# Loading pages on website



## AmtrackJim (May 28, 2015)

I am wondering if anyone is having problems when on this forum when trying to load pages? I can load other websites and it happens very fast. When I switch between pages on all types of web sites I do not have a problem. A lot of times I get a message that the website is trying to load a long script and it pauses. Any ideas? I have sometimes waited up to 20 seconds to load a new page on the forum. I enjoy this forum because it has helped me a lot in building my layout . Ideas?


----------



## tkruger (Jan 18, 2009)

I have not had any issues. I have used this site with Edge, IE 10, Chrome and the browser built into my Windows 8.1 phone.


----------



## Old_Hobo (Feb 20, 2014)

I'm having the same, or similar issues....sometimes it says that IE is closing because it can't open the page.....???


----------



## Gansett (Apr 8, 2011)

I frequent 5 other forums without experiencing any problems. This was the only one that I had a issue with in the past week or so regarding slow loading pages, long scripts and the occasional ''page not found''. 

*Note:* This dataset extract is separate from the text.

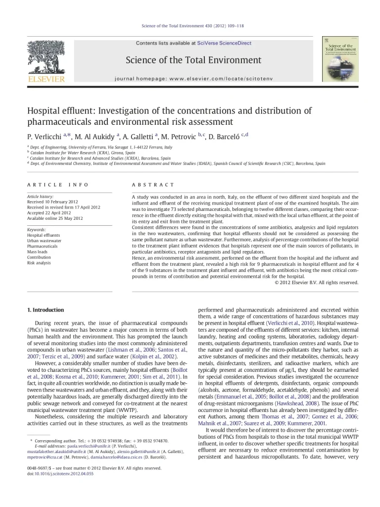 Author: P. Verlicchi , M. Al Aukidy , A. Galletti , M. Petrovic, D. Barceló

Note I said ''was'' because without any action on my part today it seems to act as well as any other forum I frequent. 

I do know on one of my other forums if you p1ss off one certain mod you can expect slow loading pages, long scripts etc. Not saying that's the case here.


----------



## gunrunnerjohn (Nov 10, 2010)

I'm on every day, I haven't seen any issue. It might be a specific time of the day, I can't say.


----------



## Mr.Buchholz (Dec 30, 2011)

I have said issues, and only with this site. Could be the ads on the site, could be Java. Not sure, but I do know it's only this site that I have this problem.

-J.


----------



## Old_Hobo (Feb 20, 2014)

John, you sound like me....when my wife complains about something that's not working, I tell her, "well, it works for me"......and just guess what she says....

And then I fix the problem......


----------



## HO-Railways (Aug 20, 2015)

I have been having similar issues, mine are across the board (all websites I visit) and mine just says timed out when trying to load websites. That is on my end though (my wireless equipment is not working right). I say all that, as when I am at work (as right now) I have no issues.


----------



## gunrunnerjohn (Nov 10, 2010)

Old_Hobo said:


> John, you sound like me....when my wife complains about something that's not working, I tell her, "well, it works for me"......and just guess what she says....
> 
> And then I fix the problem......


Since I see no problem, and many others are also not seeing any problems, what do you suggest I "fix"? BTW, you're not my wife.


----------



## Old_Hobo (Feb 20, 2014)

gunrunnerjohn said:


> BTW, you're not my wife


Good thing.....headlines would read:"wife kills useless husband; claims sanity".....


----------



## Gansett (Apr 8, 2011)

Old_Hobo said:


> Good thing.....headlines would read:"wife kills useless husband; claims sanity".....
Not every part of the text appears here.